The analysis of uncertain model parameters entails 200 Monte Carlo runs using a 95% confidence level. The results for the uncertain model parameters and uncertain initial conditions using the dosing scheme by RMC are visually depicted in the shaded regions within Fig. 5(a) and (b), respectively. We used the time that \(T_u\) was brought to be below 1% of its initial value as a reference to assess the performance. For models with uncertain parameters, we observed an average time of 20.48 days with a standard deviation of 2.94 days. For models with uncertain initial conditions, the average time was 20.42 days with a standard deviation of 0.03 days. Figure 5(c) and d show the results of uncertain model parameters and uncertain initial conditions for KMPC, which has an average time of 18.15 days with a standard deviation of 3.94 days, and an average time of 17.70 days with a standard deviation of 1.79 days, respectively.

Figure 5
figure 5

Uncertainty analysis with (a,b) RMC-derived inputs and (c,d) KMPC-derived inputs. The time that \(T_u\) is brought to be below 1% of its initial value is used as the measurement. (a) Parameter uncertainty analysis shows an average time of 20.48 days with a standard deviation of 2.94 days. (b) Initial condition uncertainty analysis shows an average time of 20.42 days with a standard deviation of 0.03 days. (c) With inputs from KMPC, parameter uncertainty analysis shows an average time of 18.15 days with a standard deviation of 3.94 days. (d) With inputs from KMPC, initial condition uncertainty analysis shows an average time of 17.70 days with a standard deviation of 1.79 days. The shadow area represents the 95% confidence interval. The bar plots show the statistics of the time t for \(T_u(t) < 0.01 T_u(0)\).

In sensitivity analysis, we considered parameters in Table 1, assuming uniform distributions spanning 0.8 to 1.2 times their nominal values. The initial state \(x_0\) was treated as a unified entity and only different scales of the same \(x_0\) were considered, simplifying the analysis while examining its influence. The output \(Y_u\) represents settling time. Figure 6 shows first-order and total-order Sobol indices from 1000 iterations. The parameter p4 has total and first-order Sobol indices of 0.0064 and 0.0046, in contrast to more impactful parameters like p2, with total and first-order Sobol indices of 0.65 and 0.45. This shows the output settling time is not sensitive to the selection of numerical values of p4, as claimed earlier in the model section.

Figure 6
figure 6

Sobol sensitivity analysis on model parameters. The first-order and the total-order Sobol indices are visualized, and the higher-order indices are ignored. The output settling time is sensitive to the changes in the parameters \(p_2\) and \(\mu_1\).

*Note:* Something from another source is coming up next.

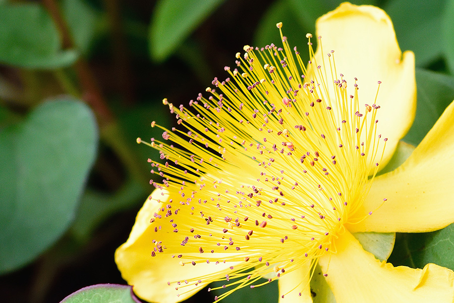 ビヨウヤナギの雄しべは柔らかく内側にカールします。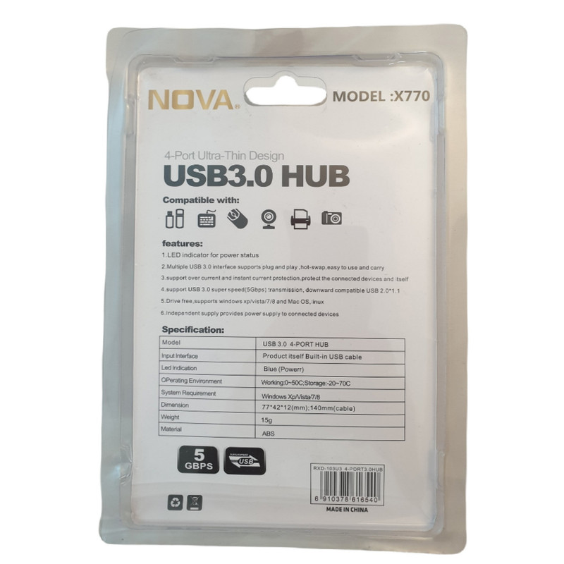 هاب برند NOVA مدل X770 دارای چهار پورت USB3.0 بوده که می تواند علاوه افزایش تعداد پورت های USB دستگاه شما، اطلاعات شما را با سرعت خیلی بیشتری نسبت به پورت های USB2.0 انتقال دهد.

For Koopman MPC, the linear Koopman operator was approximated using the spectral method with 100 trajectories of time series data (generated from the nominal model with random initial conditions and inputs). Ten RBFs were tested with good performance and their centers were obtained by the K-means algorithm. The sampling time of 0.01 days was used, and the simulation length was 100 days. The delay of 1 was used for one-step time delay embedding. The control interval was set to 5 days, which is the same as the treatment interval in RMC for comparison. The accuracy of linearization was evaluated by comparing the model output (i.e., \(T_u\)) as shown in Fig. 7(a). The output of the Koopman-based linear model (in red) is closer to the model dynamic behavior (in yellow) for most of the time during the simulation, compared to local linearization using the truncated Taylor expansion, even though it had more deviation from the true dynamic behaviors at the beginning, indicating its good approximation performance over time. Linear MPC was applied to the Koopman-linearized model to optimize BCG dosing. The simulation involved the administration of BCG vaccines every 5 days, and a prediction horizon of 5 days was used to balance control performance and computational complexity. The control horizon was set to one sampling time. Weighting matrices \(Q = diag(0, 0, 0, 1000)\) and \(R = 0.1\) were used to focus more on state errors.

Figure 7
figure 7

(a) The Koopman operator demonstrates effective linearization performance. Compared to the linear approximation (in yellow curve), Koopman linearization (in red curve) closely aligns the dynamics of the model observable with the output from the nonlinear model (in blue curve). (b) The comparison of the dosing schemes by RMC and Koopman MPC. RMC employs a gentle dosing scheme, resulting in a longer treatment duration. In contrast, Koopman MPC implements an aggressive control action with high doses administered for over half of the treatment period, leading to faster elimination of tumor cells.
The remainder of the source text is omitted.